When we abuse our power and use it to manipulate and coerce our teams, we create resistance, distrust, self-protection, and animosity. And what’s worse… it creates a cycle of leadership where those on the receiving end typically follow the same behaviors when they are in a position of leadership.

I’d like to suggest we consider three other ways we can drop our armor and wield our power:

1. Power with – Having a power-with mindset means that we acknowledge where each person is different and use those differences to build collective strength. Where you might be weak, others might be strong and the opposite is also true. A daring leader doesn’t need to have all the answers because she acknowledges the gifts her team members have and gives them space to collaborate for the greater good. Power with is not a threat to her role, rather a testament of her ability to harness individual strengths to make a larger impact.   

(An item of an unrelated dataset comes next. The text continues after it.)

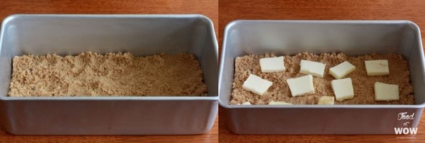 • Распределить коричневый сахар по дну формы для выпечки (если используете орехи, то выкладывайте их вместе с сахаром). Разложить на поверхности кусочки масла.

2. Power to – A daring leader believes that those around her haven’t fully tapped into their potential. She believes that each person has the ability to make a difference and her job is to help them do just that. She paves the way for them to be the best version of themselves by sharing of herself. She does this by delegating high-profile projects, asking for input before making a decision, or assigning challenging tasks designed to help others grow. Just as a candle’s light doesn’t dim when shared, a leader who shares her power only multiplies her influence.

3. Power within – There is a fine line between having self-confidence and being egotistical, and a daring leader stands firm in her self-worth without being self-absorbed. She doesn’t feel the need to puff up her chest or belittle her team members in order to prove her worth because she is confident in who she is and what she brings to the table. A daring leader isn’t afraid to challenge assumptions, push the status quo, or question long-held beliefs when it’s the right thing to do instead of using these tactics as a power move. 

As daring leaders, we have the responsibility to bring our whole hearts into leadership.

Minouche Shafik, director of the London School of Economics perfectly sums up the future of leadership when she said, “In the past, jobs were about muscles, now they’re about brains, but in the future they’ll be about the heart.”

Will it be easy? No. 

Will it be uncomfortable? Yes.

Will we need to be vulnerable? Most certainly, yes.

Our first step? We need to be willing to take off our armor and dismantle everything that we use to protect us. Our perfectionism, our need to be right, our need to be liked, using busy as a status symbol, collecting gold stars, exerting power-over, leading from hurt, hustling for our worth, working from scarcity… that stuff sure gets heavy if we hold it long enough!

Our second step is to leverage our greatest asset… our heart... and be willing to rumble with vulnerability, live into our values, build vulnerability-based trust, and learn to rise strong when we get knocked down. For that is what daring leaders are made from.

I encourage you to join me in this daring leadership journey. I’ll be sharing how I’m applying the work of Brené Brown (from her Dare to Lead book) to my own leadership opportunities in the coming months. 

PS - You’ll be happy to know that I moved to the new position that prompted this discussion and stayed with the organization for ten more years. There was always a slight chance of restructuring but I never reported to her again.